[racket] How can I speed up this code?

From: Eli Barzilay (eli at barzilay.org)
Date: Mon Jan 14 16:29:40 EST 2013

Just now, Danny Yoo wrote:
> On Mon, Jan 14, 2013 at 2:07 PM, Eli Barzilay <eli at barzilay.org> wrote:
> > Just now, Danny Yoo wrote:
> >> Also, I have not been able to find the unit tests for the json
> >> library.  Does anyone know where they are?
> >
> > They're in the "tests" subdirectory.
> 
> Uh... can you be more specific?  I searched for 'json', and the only
> hits I'm seeing are these:

...racket/collects/json/tests


> >> 1.  First, pull all the content of the input port into a string
> >>     port.  This cut down the runtime from 52 seconds to 45
> >>     seconds.  (15% improvement)
> >
> > I don't think that this is a good idea -- it looks lie a dangerous
> > assumption for a generic library to do, instead of letting users
> > decide for themselves if they want to do so and hand the port to
> > the library.
> 
> I am confused and don't understand this particular objection yet.
> Can you explain a little more?  The side effect of read-json on the
> input port is that it completely exhausts it.  What freedom does the
> patch eliminate with regards to port usage?
> 
> I understand Sam's objection based on memory,

It's the same one.  Add to that also the possibility of a "streaming"
thing later on.  Then add to that the fact that parsing a json might
not consume the whole port, which can be very usefukl in some case
(IIRC, there's also a test for that).


> but I suspect the extra memory usage is roughly proportional to the
> size of the JSON object being constructed.

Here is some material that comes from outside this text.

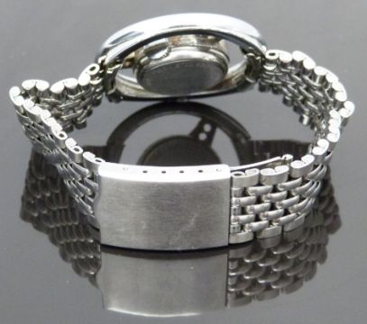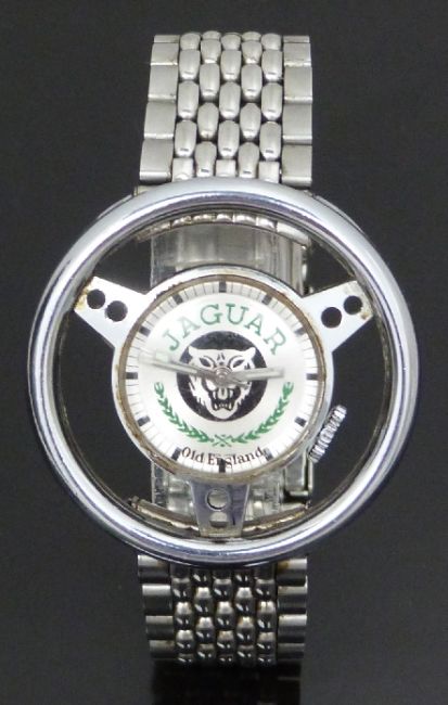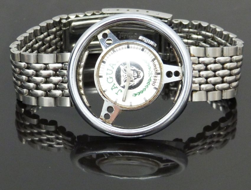 Jaguar Old England gentleman's wristwatch in the form of a steering wheel with luminous hands, Jaguar emblem to the silver dial and signed 1 jewel movement, on stainless steel bracelet, case diameter 39mm.

Yeah, twice as much, roughly.


> When I watch `top` and see how much memory's being used in the
> original code, I think this is a red herring, for the unoptimized
> json parser is already consuming around 500MB of ram on J G Cho's
> 92MB file during the parse.

Is the *result* 500mb or the memory used while parsing?  If it's the
former, then that's not the consumption that is increased.  (BTW, if
most of it is made of strings, then we get the 4x UCS32 factor.)  If
it's the latter then I'm surprised.


> >> 2.  Modified read-list so it avoids using regular expressions when
> >> simpler peek-char/read-char operations suffice.  Reduced the runtime
> >> from 45 seconds to 40 seconds.  (12% improvement)
> >
> > This is a questionable change, IMO.  The thing is that keeping
> > things with regexps makes it easy to revise and modify in the
> > future, but switching to a single character thing makes it hard
> > and in addition requires the code to know when to use regexps and
> > when to use a character.  I prefer in this case the code
> > readability over performance.
> 
> Is it likely for the JSON standard to change, though?  That function
> is such a hot-spot that hits everything else.

I don't know how likely it is, but why commit such a new thing (code +
"standard" + use) for something that can change?

-- 
          ((lambda (x) (x x)) (lambda (x) (x x)))          Eli Barzilay:
                    http://barzilay.org/                   Maze is Life!

Posted on the users mailing list.